→ TRY IT
Starting at the line that contains "Zajíček je háčkovaný", reproduce every line through the end of the entries below, with no pictures in the copy.

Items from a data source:
[Start of section]

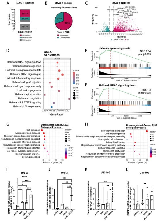 Differential gene expression analysis of the T98-G cells after dual DNMT1 and HDACs inhibition. (A) Bar plot of the percentage of genes upregulated, downregulated, or not regulated after the DNMT1 and HDACs inhibition in the T98-G cells (abs FC ≥ 2, p adj ≤ 0.05). (B) Pie chart of the differentially expressed genes after the combinatory DNMT1 and HDACs inhibition in the T98-G cells with respect to the control (abs FC ≥ 2, p adj ≤ 0.05). (C) Volcano plot of the differentially expressed genes after the DNMT1 and HDACs inhibition in the T98-G cells with respect to the control. (D) Gene Set Enrichment Analysis (GSEA) of the cancer hallmark gene sets from MSigDB in the T98-G cells treated with both DAC and SB939. (E,F) GSEA of spermatogenesis (E) and KRAS signaling down (F) signatures in the T98-G cells treated with both DAC and SB939. Bars represent individual genes in the ordered gene set list. The GSEA was performed by implementing the clusterProfiler package in R Studio. (version 2023.06.2+561). (G,H) Gene Ontology analysis of biological process categories enriched for upregulated (G) and downregulated genes (H) performed by using the topGO package in the R environment. The p value was calculated with the weighted Fisher’s exact test. (I,J) Quantitative RT-PCR of TIAM1 (I) and DUSP1 (J) gene expressions after the DNMT1 and/or HDACs inhibition in the T98-G cells. (K,L) Quantitative RT-PCR of the TIAM1 (K) and DUSP1 (L) gene expressions after the DNMT1 and/or HDACs inhibition in the U87-MG cells. The results are expressed as . The data are expressed as the mean ± SD, * p value ≤ 0.05; ** p value ≤ 0.01; *** p value ≤ 0.001; **** p value ≤ 0.0001; test—unpaired two tailed t-test of treated samples vs. vehicle, corrected for multiple testing with the Bonferroni method.
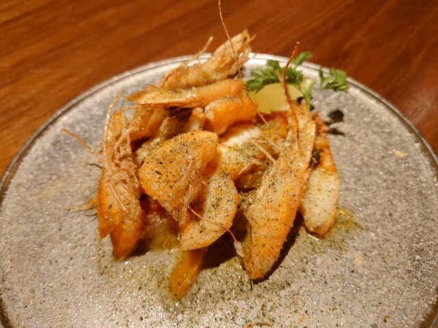 二次会利用です、師走と言うことで店内は賑わっていますね。前菜人気No.1の彩り野菜のバーニャカウダ、シャキシャキ食感の野菜にディップソース(アンチョビ・ニンニク・オリーブ・オイル)が良く合いますね、アンチョビの配合が絶妙で大好きなメニューです^^ たっぷりの海老ときのこのサラダ、ちょっと変わった温仕様ですがこの季節には有り難いです。カラッと揚がった天使海老のフリット、サクサク食感でアテに最高ですね、毎回注文しているような気がします! 角ロックを二杯頂いて酔いを深めました(*^^*)
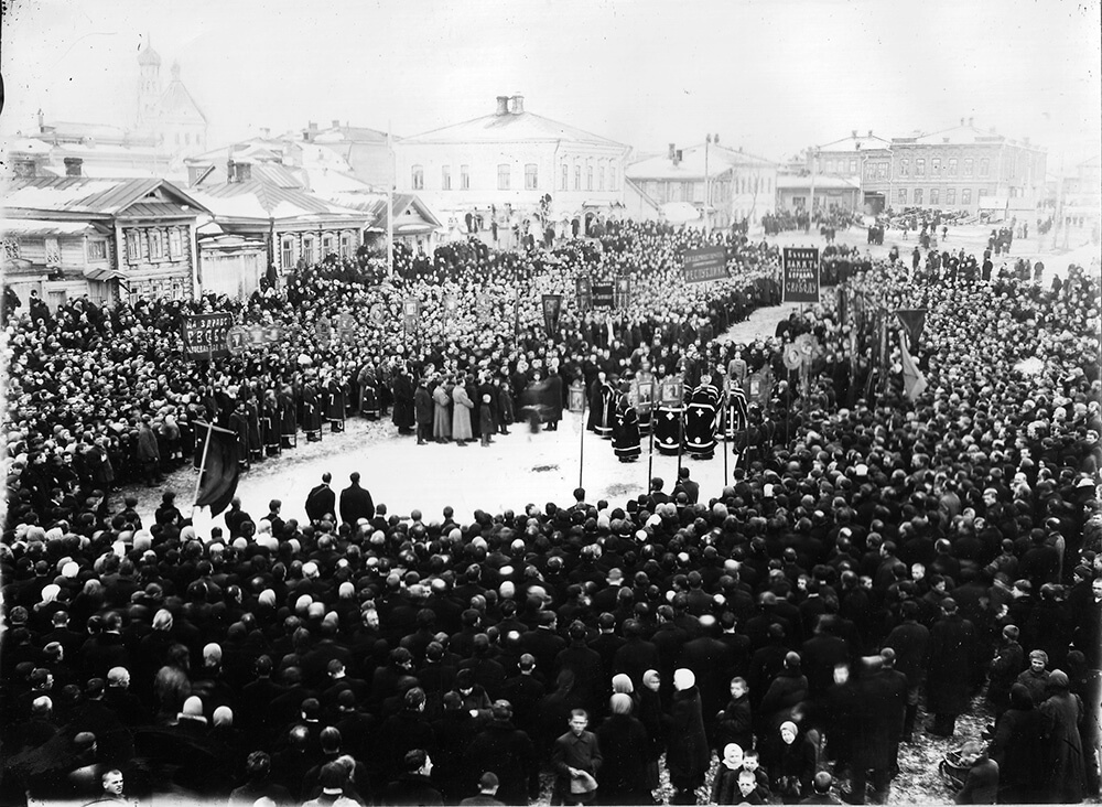 На самом деле на фото – День памяти погибших за свободу, впервые отмечавшийся в Богородском 15 марта 1917 года. Об этом подробно рассказывается в одном из материалов книги "Без прошлого нет настоящего: сборник историко-краеведческих трудов, посвященных памяти А.А. Бондаря (1952 – 2012) : [Краевед Березополья] ; [Под ред. А.В. Любавина, С.В. Петряева, А.А. Сорокина]. – Богородск [Нижегор. обл.] : [Печатный дом "Вариант"], 2015". ISBN 978-5-9907242-0-4
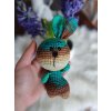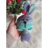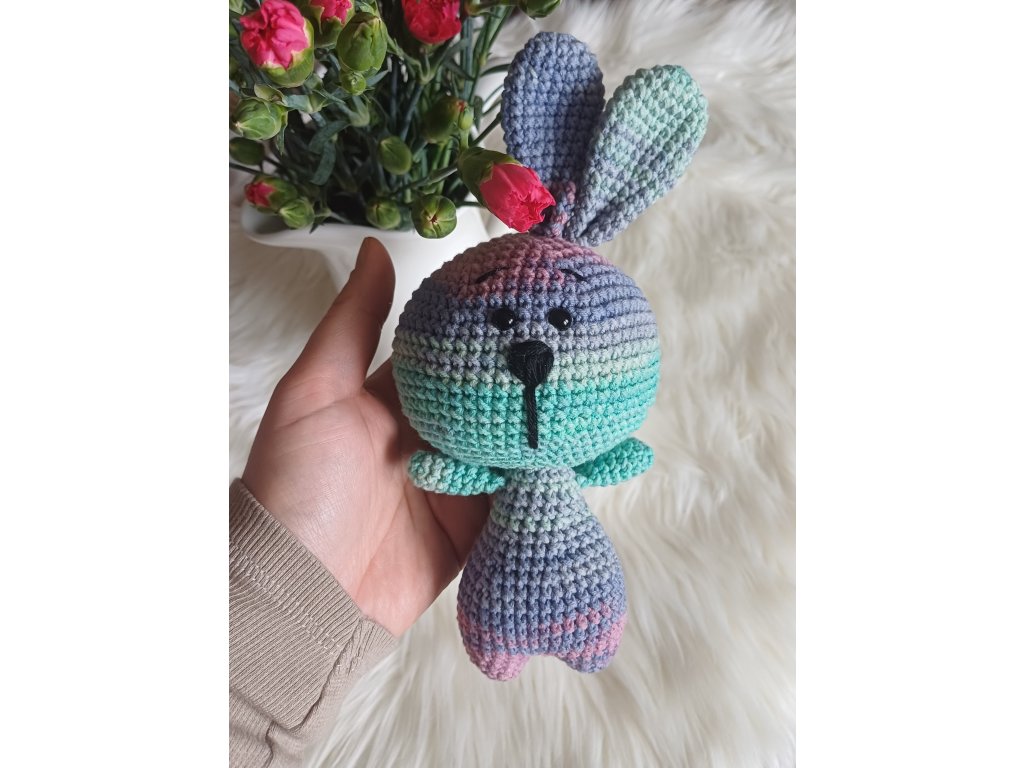 Zajíček je háčkovaný z různobarevné vzorované příze, která vytváří jemné přechody tónů.
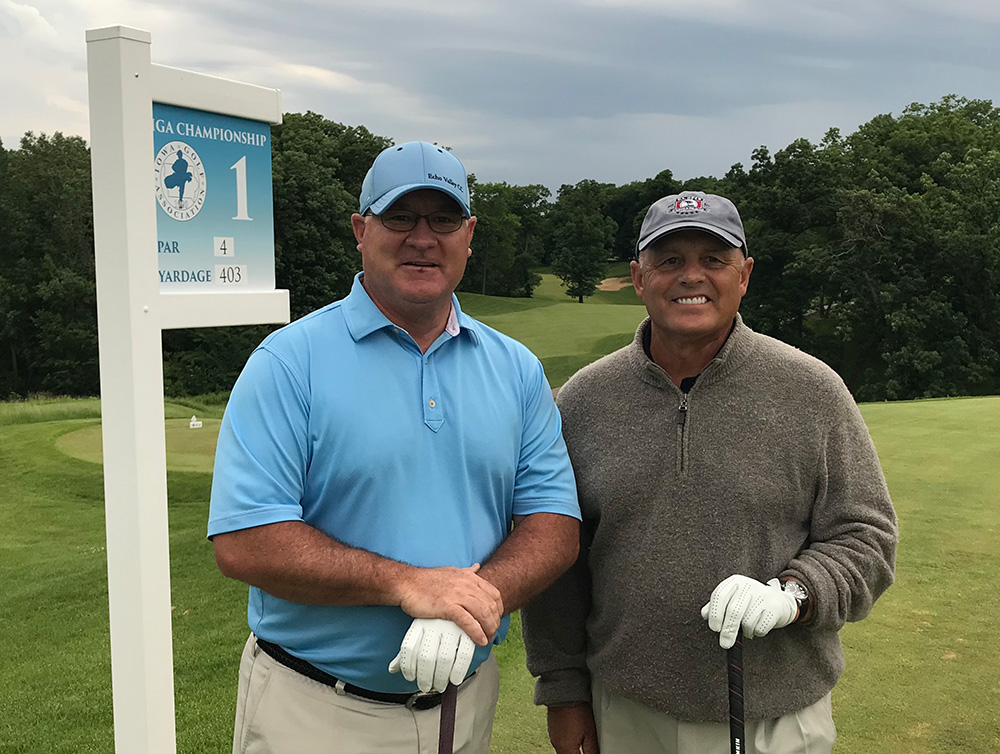 In the Championship on Saturday morning Tom Norton of Muscatine will face Bret Taylor of Booneville in one semifinal while Joe Palmer of West Des Moines squares off against Pat Ryan of Marshalltown in the other. Norton vs. Taylor is a rematch from last year as Norton defeated Taylor in the quarterfinals at Fort Dodge CC. Meanwhile, Palmer is gunning for his 3rd Senior Match Play crown, as he won the title in 2013 at Fort Dodge CC and again in 2015 at Veenker Memorial GC in Ames.

[End of section]

→ RESPONSE TO THIS TASK
 Zajíček je háčkovaný z různobarevné vzorované příze, která vytváří jemné přechody tónů.
 In the Championship on Saturday morning Tom Norton of Muscatine will face Bret Taylor of Booneville in one semifinal while Joe Palmer of West Des Moines squares off against Pat Ryan of Marshalltown in the other. Norton vs. Taylor is a rematch from last year as Norton defeated Taylor in the quarterfinals at Fort Dodge CC. Meanwhile, Palmer is gunning for his 3rd Senior Match Play crown, as he won the title in 2013 at Fort Dodge CC and again in 2015 at Veenker Memorial GC in Ames.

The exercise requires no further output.